After describing the estate the vendors say:

“And now they sell the said estate, with all its uses, servitudes and apurtenances, to Sr. Soto Colón, who appears herein, for himself and all and each of the parties represented by him and herein-before named, according to their respective rights as heirs of don Faustino Soto Torres, already mentioned, for $1,500 which they declared to have received to their satisfaction prior to this act of inheritance from the said ancestor' Soto Torres as stated to them by Soto Colón who appears herein; and it is hereby agreed and stipulated that the vendors herein are free and relieved from answering in any manner because of warranty, inasmuch as the predecessor in interest of the above purchasers was the former owner of the said real estate.”

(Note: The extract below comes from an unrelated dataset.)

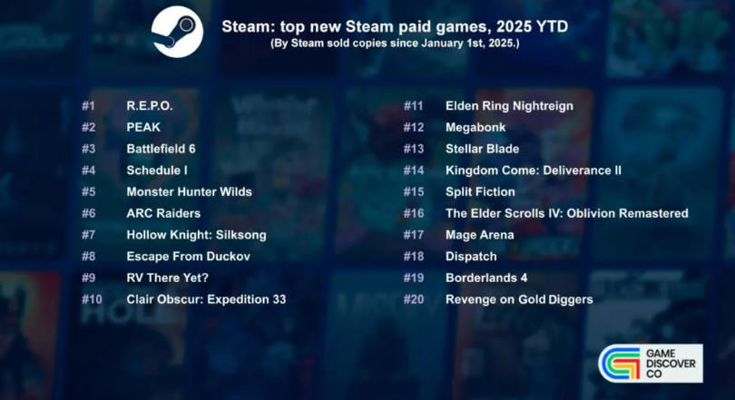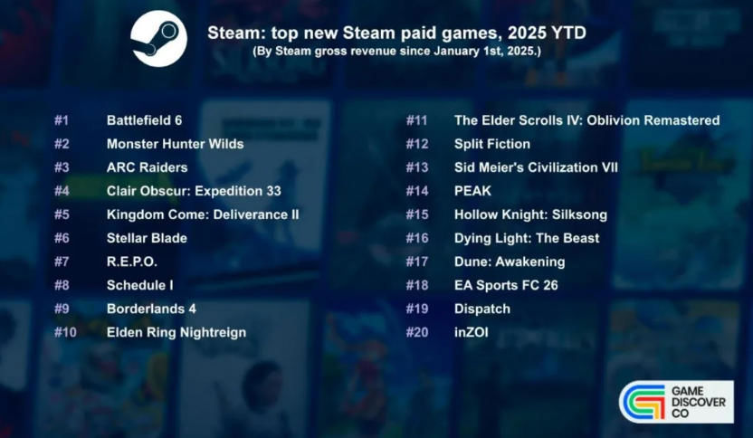 2025년 스팀 매출 상위 20위를 차지한 신작은 순서대로 다음과 같다. <배틀필드 6>, <몬스터 헌터 와일즈>, <아크 레이더스>, <클레르 옵스퀴르: 33 원정대>, <킹덤 컴: 딜리버런스 2>, <스텔라 블레이드>, <R.E.P.O.>, <스케줄 I>, <보더랜드 4>, <엘든 링 밤의 통치자>, <엘더스크롤 4: 오블리비언 리마스터>, <스플릿 픽션>, <문명 7>, <피크>, <할로우 나이트: 실크송>, <다잉 라이트: 더 비스트>, <듄: 어웨이크닝>, <EA 스포츠 FC 26>, <디스패치>, 그리고 <인조이>가 이름을 올렸다.

Tbe appellant insists in Ms brief that the provisions of the Political Code which the registrar had in mind has reference to persons already deceased.

And so it is, indeed; but what appears from the deed of sale herein, as we have just seen, is that although the deed was executed by people alive, it was so executed for the purpose of embodying in a public instrument a transaction made with a person who had died and was substituted in the execution by his heirs. The latter — who appear as purchasers in the instrument whose record is sought- — did not actually acquire the property by purchase but by inheritance.

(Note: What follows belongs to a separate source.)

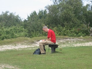 aangekomen in Haamstede, begint het toch nog flink te regenen!

As to the improper representation of the minors, it is said in the deed:

“Don Telesforo Eduardo states, that he appears for himself and in the name and representation of the following persons: ... of age, except Gervasio, María, Monsa, and Manuel, who are minors; . . . .”

[313]*313The appellant concedes that the power to represent the minors was vested in the mother, inasmuch as the father had died, but maintains that “such power could be delegated to somebody else, as happened in the instant case, since it was a ease of acquiring and not of conveying; and all that the law requires is that the such mandate (either verbal or written) be ratified afterwards by the principal.Of course, as minors they were not qualified to confer power; but, although the deed is silent in that respect, it must be presumed that Telesforo Eduardo, the coheir who appeared, had been empowered by the other purchasing heirs and by the mother of the said minors to represent them all, which proceeding was afterwards consented to and ratified by all, including the mother of the minor heirs, some by appearing before a notary and executing the deed of sale to Pedro Ferrer, and the mother before the district court requesting authorization for the sale by public auction of the jointly owned interests acquired by her children by deed No. 150 from Antonio Román González.”

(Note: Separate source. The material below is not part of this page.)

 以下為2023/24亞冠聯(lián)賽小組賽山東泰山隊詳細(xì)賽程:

We think that as minors are involved and as the execution of the deed amounts to the acceptance of an inheritance rather than the purchase of an estate, the authorization from the mother to Telesforo Eduardo Soto Colón, who appears in the deed, to represent her children can not be presumed. However, as the last of the instruments presented shows that the mother of the minors recognized the transaction when she subsequently sought judicial authorization to sell what had been acquired, we think that the deficiency was supplied and the defect cured and therefore that the record should not have been refused on that score.

By virtue of the foregoing, the appeal shall be dismissed as to the first ground and sustained as to the second; although the records sought can not be decreed because the refusal is upheld -on the first ground.